Dataset excerpts:
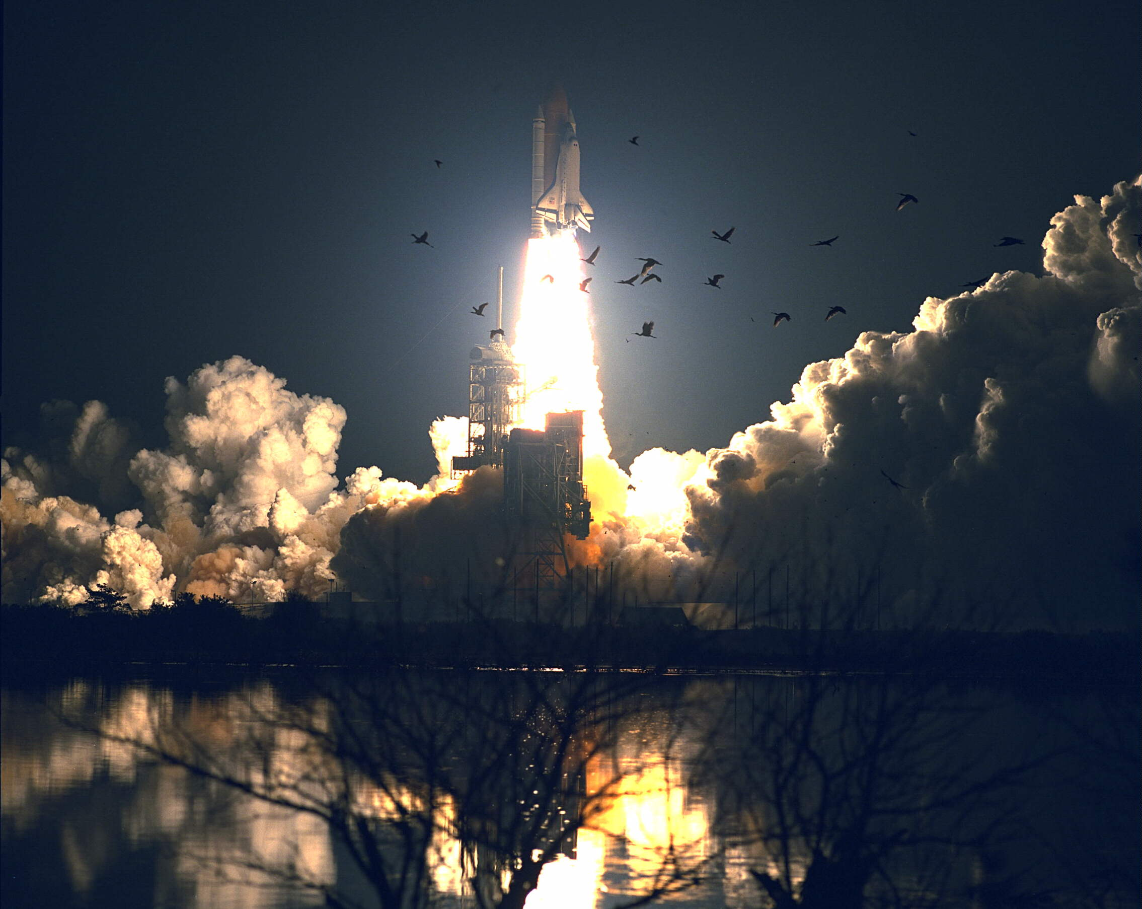 The Space Shuttle Atlantis turns night into day for a few moments as it lifts off on May 15 at 4:07:48 a.m. EDT from Launch Pad 39A on the STS-84 mission. The fourth Shuttle mission of 1997 will be the sixth docking of the Space Shuttle with the Russian Space Station Mir. The commander is Charles J. Precourt. The pilot is Eileen Marie Collins. The five mission specialists are C. Michael Foale, Carlos I. Noriega, Edward Tsang Lu, Jean-Francois Clervoy of the European Space Agency and Elena V. Kondakova of the Russian Space Agency. The planned nine-day mission will include the exchange of Foale for U.S. astronaut and Mir 23 crew member Jerry M. Linenger, who has been on Mir since Jan. 15. Linenger transferred to Mir during the last docking mission, STS-81; he will return to Earth on Atlantis. Foale is slated to remain on Mir for about four months until he is replaced in September by STS-86 Mission Specialist Wendy B. Lawrence. During the five days Atlantis is scheduled to be docked with the Mir, the STS-84 crew and the Mir 23 crew, including two Russian cosmonauts, Commander Vasily Tsibliev and Flight Engineer Alexander Lazutkin, will participate in joint experiments. The STS-84 mission also will involve the transfer of more than 7,300 pounds of water, logistics and science equipment to and from the Mir. Atlantis is carrying a nearly 300-pound oxygen generator to replace one of two Mir units which have experienced malfunctions. The oxygen it generates is used for breathing by the Mir crew.
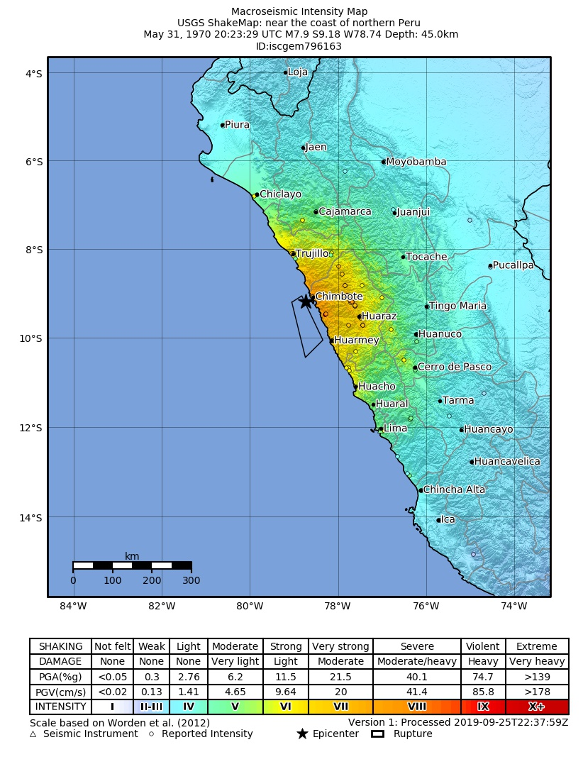 Shakemap of the Ankash earthquake of 31 May 1970 in Peru
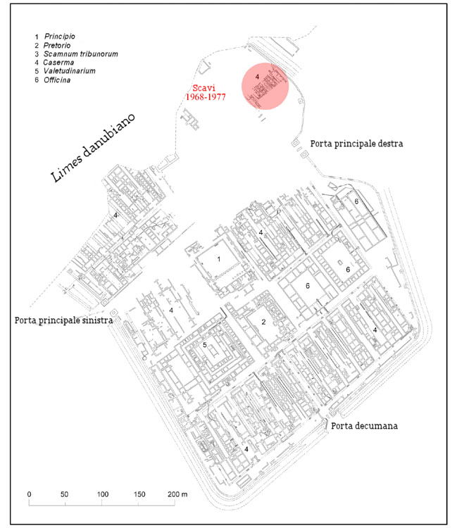 Italian and png version of File:Legionslager Carnuntum Uebersichtsplan.jpg
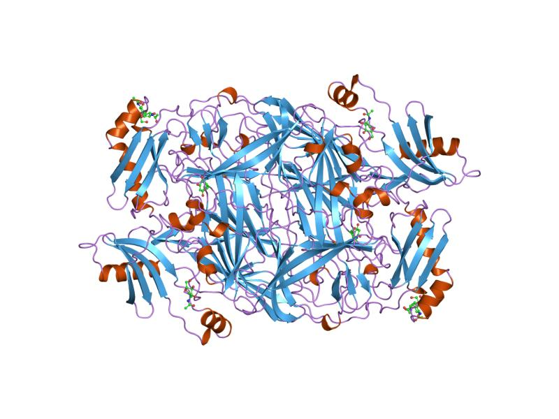 Cartoon representation of the molecular structure of protein registered with 1ksi code.
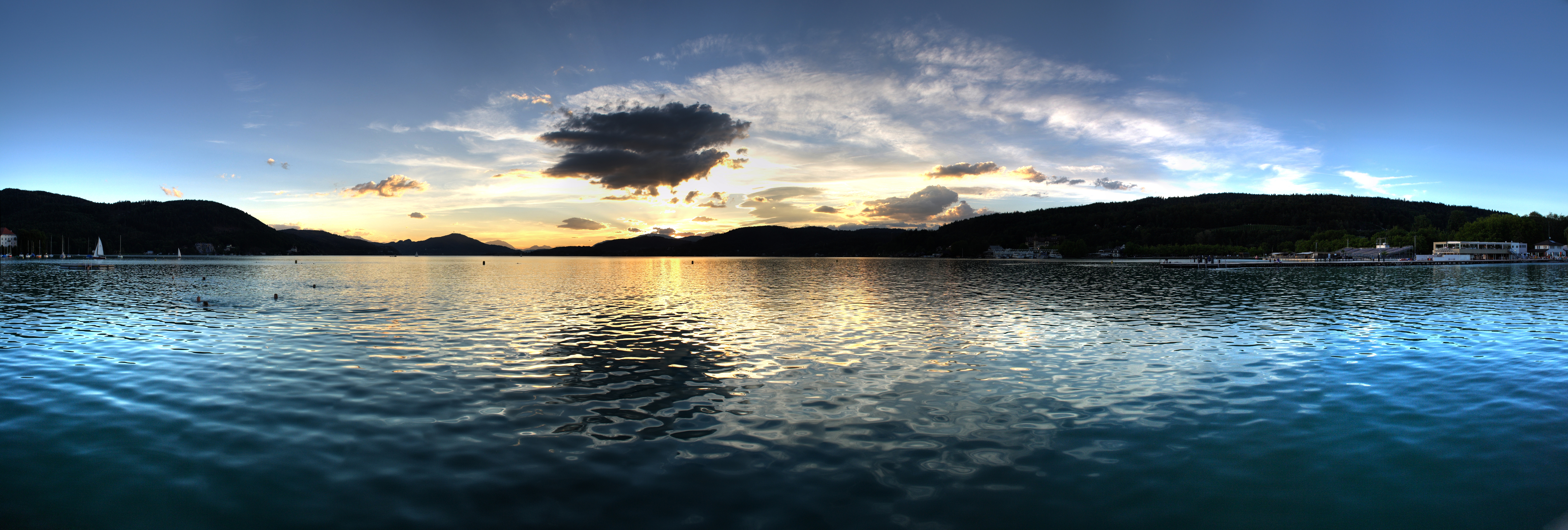 Wörther lake near Klagenfurt (Austria)
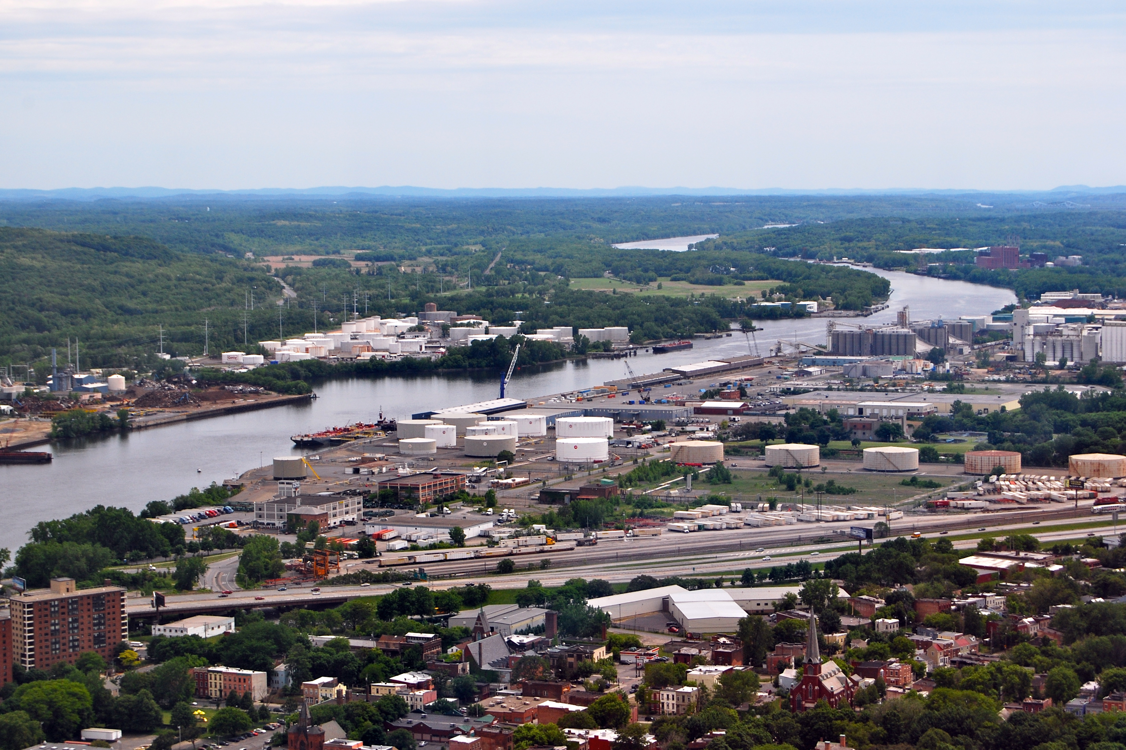 Port of Albany-Rensselaer, the major shipping port in Albany, New York, United States. Photo taken from the Corning Tower.
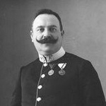 Depicted person: Julius Fučík – Czech composer and conductor of military bands
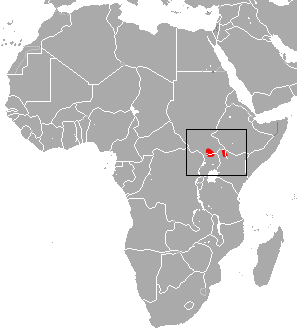 Hamilton's Tomb Bat (Taphozous hamiltoni) range
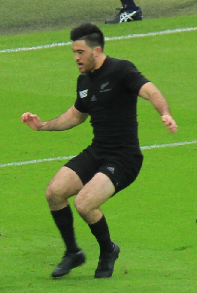 New Zealand international rugby union footballer Nehe Milner-Skudder playing in 2015 Rugby World Cup game New Zealand vs Argentina at Wembley Stadium in London.
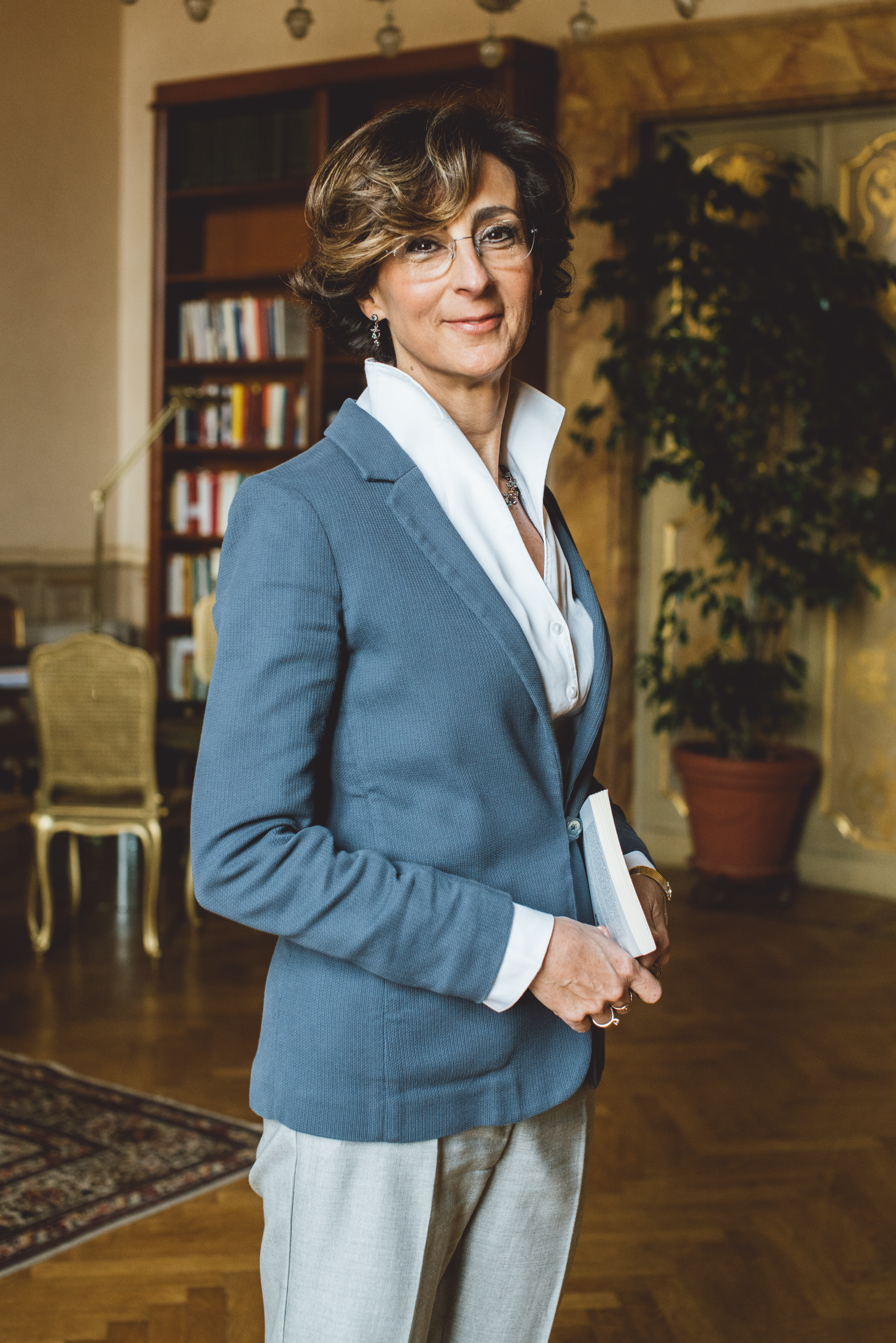 Marta Cartabia
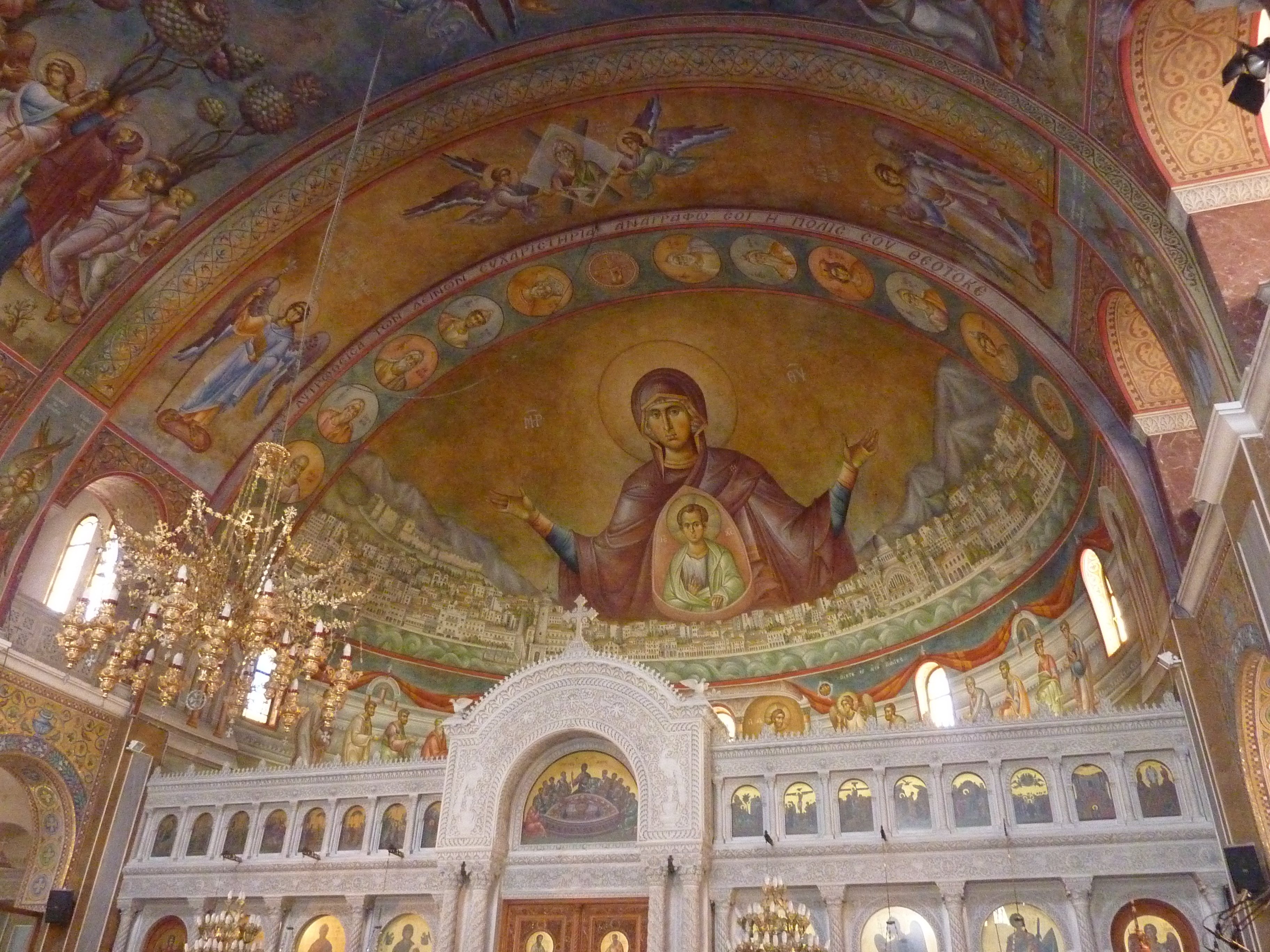 Hagios Andreas in Patras

WHAT YOU HAVE TO DO: All lines from the one containing "Italian and png" through the final line of the entries above must be restated word for word, pictures excluded.

RESPONSE:
 Italian and png version of File:Legionslager Carnuntum Uebersichtsplan.jpg
 Cartoon representation of the molecular structure of protein registered with 1ksi code.
 Wörther lake near Klagenfurt (Austria)
 Port of Albany-Rensselaer, the major shipping port in Albany, New York, United States. Photo taken from the Corning Tower.
 Depicted person: Julius Fučík – Czech composer and conductor of military bands
 Hamilton's Tomb Bat (Taphozous hamiltoni) range
 New Zealand international rugby union footballer Nehe Milner-Skudder playing in 2015 Rugby World Cup game New Zealand vs Argentina at Wembley Stadium in London.
 Marta Cartabia
 Hagios Andreas in Patras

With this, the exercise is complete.